Kate shook her head. “That can’t be right. I know where the money didn’t go. To the little people like my parents.”

“Those people didn’t get all their money back but they got most of it and that came straight out of my pocket. I paid them out everything I had. Irwin didn’t do that. He still had property and assets in the names of other companies but he didn’t sell them off. I did everything I could. I did my best, damn it.”

Kate took to her feet too. It was time someone stood up to Daniel Webb.

“It wasn’t enough,” she said. “My parents were ruined. They went back to square one after decades of working and saving. Innocent people suffered. I can’t be with someone who has done something like that.”

Daniel pleaded with his hands. “Don’t you realise I lost out in every way. I had nothing.
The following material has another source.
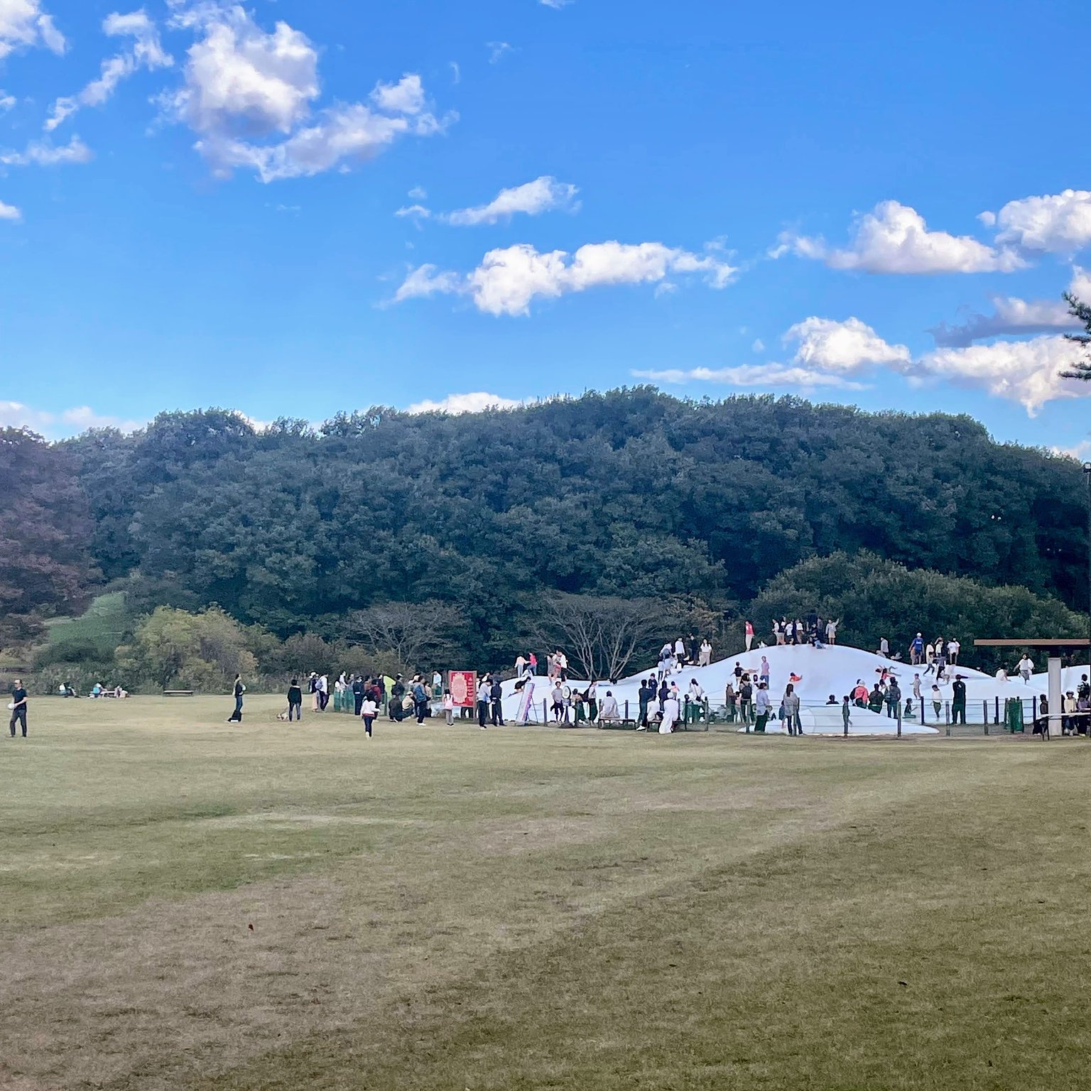 이번 숙박은 숲 공원에서의 할로윈 나이트를 위한 것이었습니다. 낮부터 가서 초대형 푹신한 돔에서도 놀았습니다.

I had to get finance and set up a new business. Not to mention losing my fiancée. Talk about rubbing salt into the wound. As if the financial stress and scandal wasn’t enough, I had to lose the woman I loved. Yet you think I’m some kind of thief?”

“I know what happened with Irwin Webb. It doesn’t make any difference if it was ten years ago or ten days. My parents lost everything.”

Daniel’s eyes narrowed. “Ask Ray Price if you don’t believe me. He was there when this all happened and he stood by me. Not many people did. My partner was shonky, not me. I paid out as much money as I could. I did my best.”

“You can’t lie to me. I know, Daniel. I’ve always known but I’ve been fooling myself that it didn’t matter.” Shaking her head, she added, “It was never going to work between us. It was never going to be more than a fling. A bit of fun. But it’s not fun any more.”

“Do you really think I’m a liar? A con man? That I have no integrity.” He raised his voice. “Do you have any idea what an insult that is to me?”

“I don’t know. Is it as insulting as asking me to be some second-rate mistress who’ll bear your children?”

Daniel stepped backwards. “Damn it, ten years go I lost my fiancée because I didn’t keep the money for myself. And now I’m paying for it all over again. I’m going to lose you because it wasn’t enough. Nothing I do can be enough.”

Kate lowered her gaze. “You should never have come tonight. You should have just left it.”

His upper lip curled to a sneer. “Then I’d never have known exactly how little you think of me.”

She heard his footsteps as he walked to the door but couldn’t bring herself to look up.

“You were right,” he said. “This will never work.”